[Data section — start]
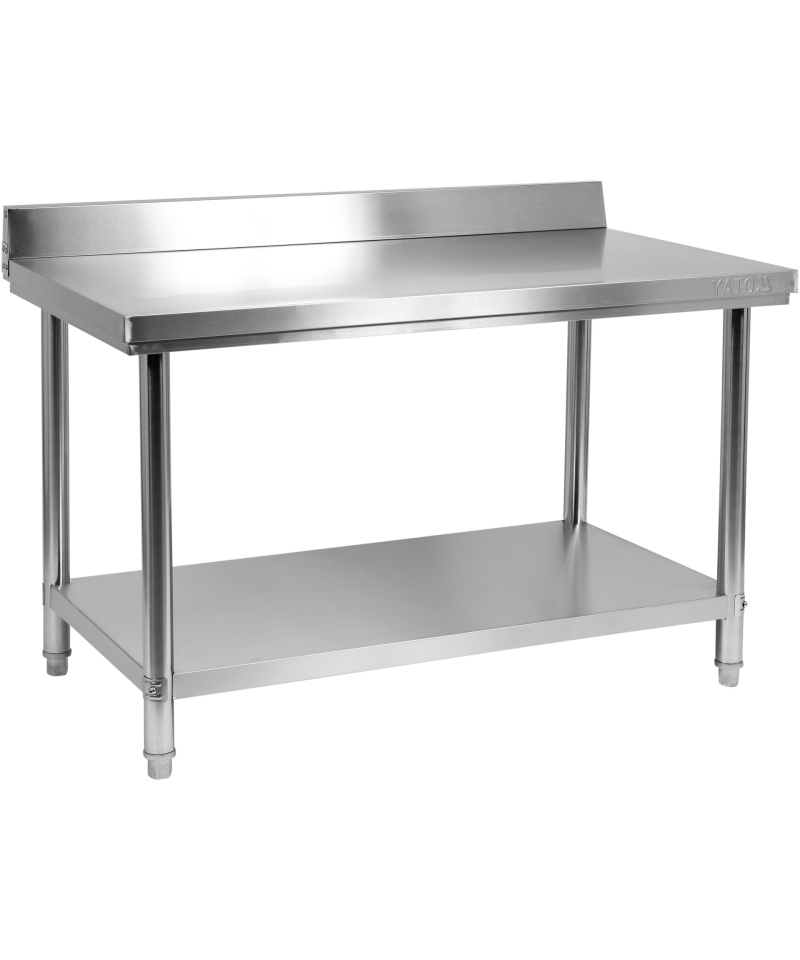 The solid table top, made of massive sheet metal with a thickness of 0.8 mm, is additionally equipped with reinforcing profiles. From below, it is reinforced with a 20 mm thick laminated wooden board, which not only stiffens the structure and dampens noise but also provides moisture resistance. This solution guarantees an impressive load capacity of the top up to 150 kg. What's more, the back part of the top has a practical upstand with a height of 100 mm, which, when the table is moved against a wall, effectively prevents food debris from falling behind, significantly raising work hygiene standards.
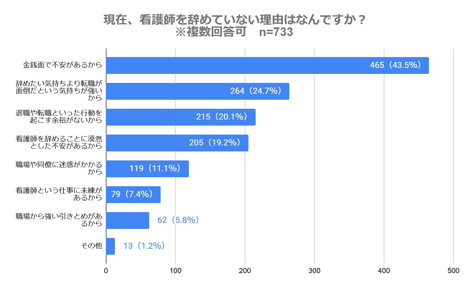 次に「看護師を辞めたいと思う」と回答した733人の方を対象に「辞めたいと思っているのに看護師を辞めていない理由」について複数回答可のアンケートを実施しました。
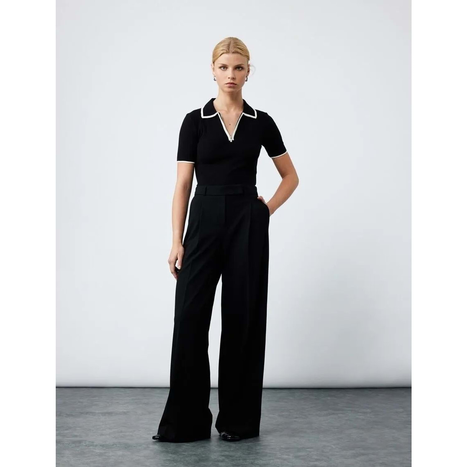 Kadın Giyim Pile Detaylı Cepli Yüksek Bel Palazzo Pantolon - KOTON - 6WAK40055UW - SİYAH - 40
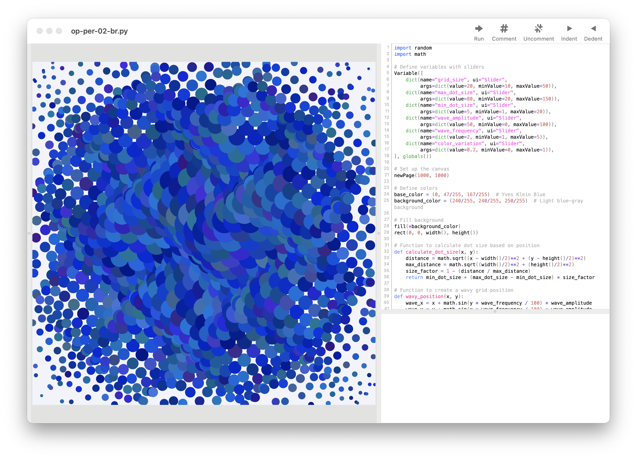 - Python/DrawBot. Raw bitmap render, the purest expression of the algorithm.
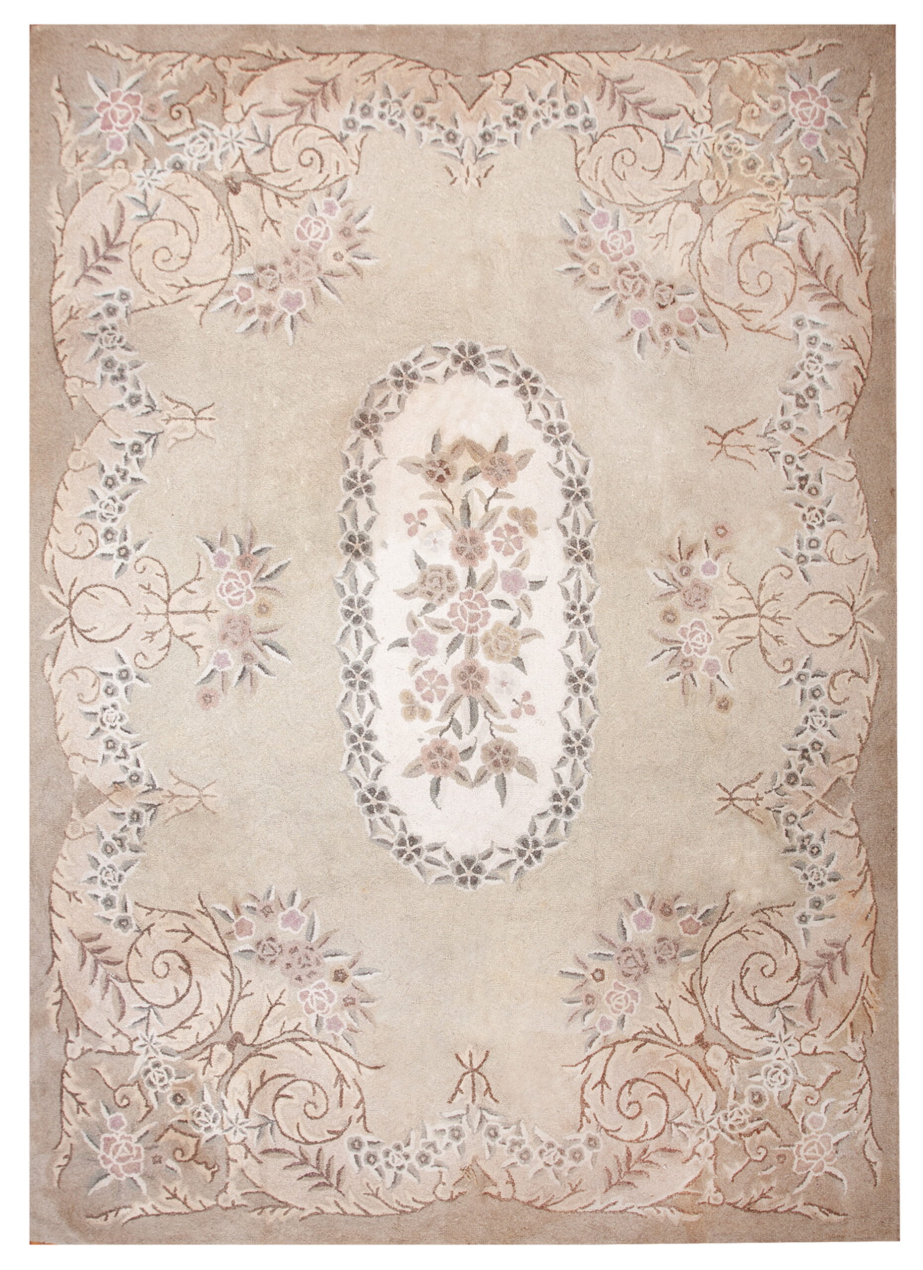 The sophisticated ivory color palette dominates the field, providing a neutral yet warm foundation that allows the subtle secondary colors—soft rose, muted taupe, and pale sage—to emerge gracefully. The central medallion features a delicate bouquet, framed by an elegant, scrolling vine border.
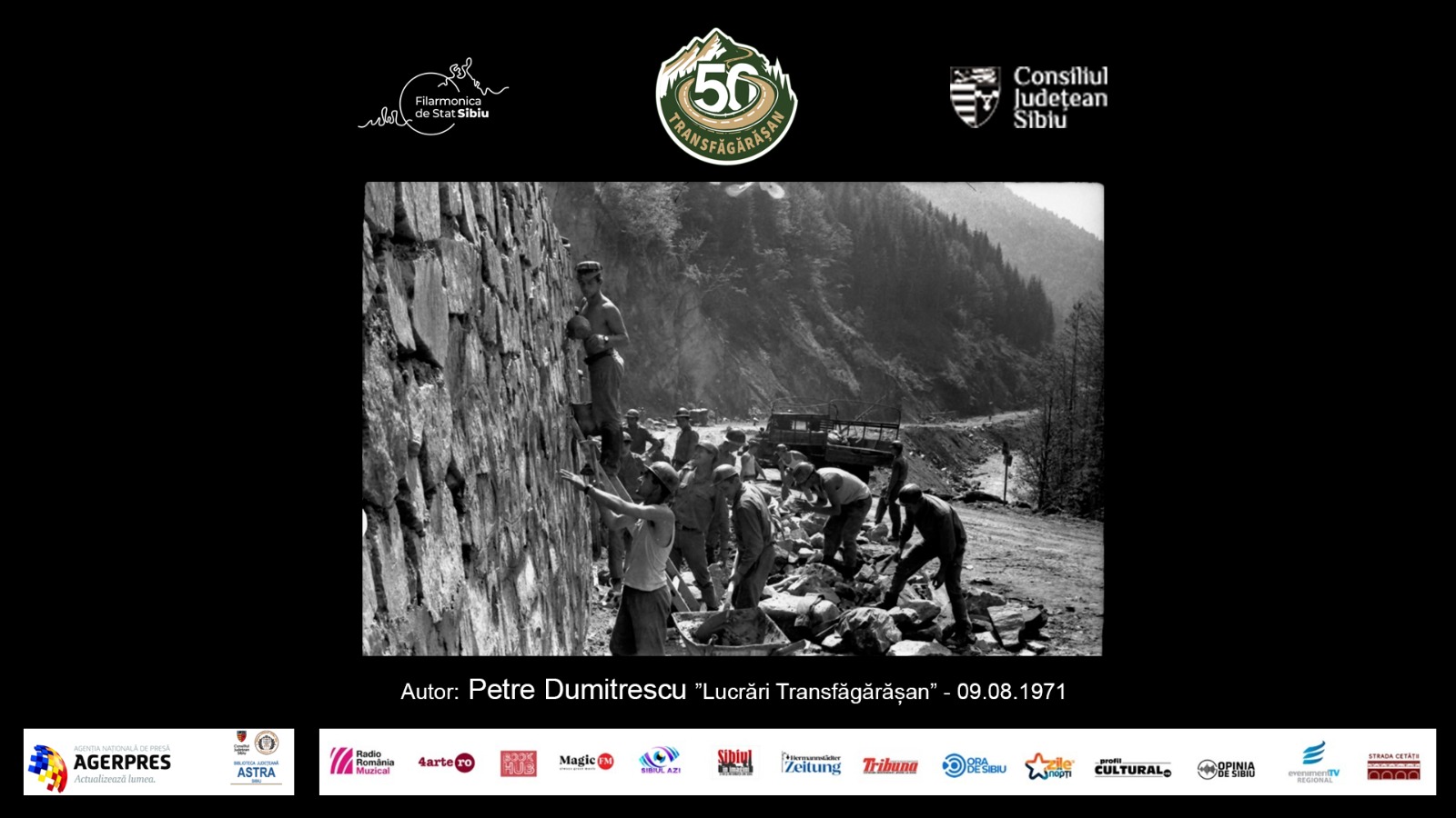 Tot în marja proiectului #Transfăgărășan50, inițiat de Asociația Județeană de Turism Sibiu și de echipa Anii Drumeției, sub auspiciile Consiliului Județean Sibiu, publicul este invitat la expoziția „Construcția Transfăgărășanului”, care aduce în atenție imagini de arhivă din timpul lucrărilor de construcție a Transfăgărășanului, la Sala Thalia a Filarmonicii. Expoziția digitală, realizată în parteneriat cu Agenția Națională de Presă AGERPRES, cuprinde 28 de fotografii și va putea fi vizionată pe tot parcursul lunii septembrie pe ecranele din foaierul Sălii Thalia.
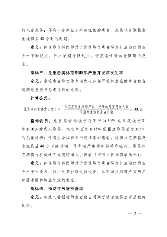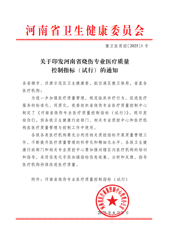 关于印发河南省烧伤专业医疗质量控制指标(试行)的通知
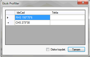 Aktarma dosyası seçildikten sonra eğer Tekla için eksik profil bulunursa program sizden ideCAD'de kullanılan profillerin karşılığında Tekla'da hangi profillerin kullanılacağını seçmenizi ister.
[Data section — finish]
■ **Task requirements**
Every line from the one with "Kadın Giyim Pile" through the one with "- Python/DrawBot. Raw" is to be reproduced exactly as written above, and the pictures are to be dropped.

■ **Response area**
 Kadın Giyim Pile Detaylı Cepli Yüksek Bel Palazzo Pantolon - KOTON - 6WAK40055UW - SİYAH - 40
 - Python/DrawBot. Raw bitmap render, the purest expression of the algorithm.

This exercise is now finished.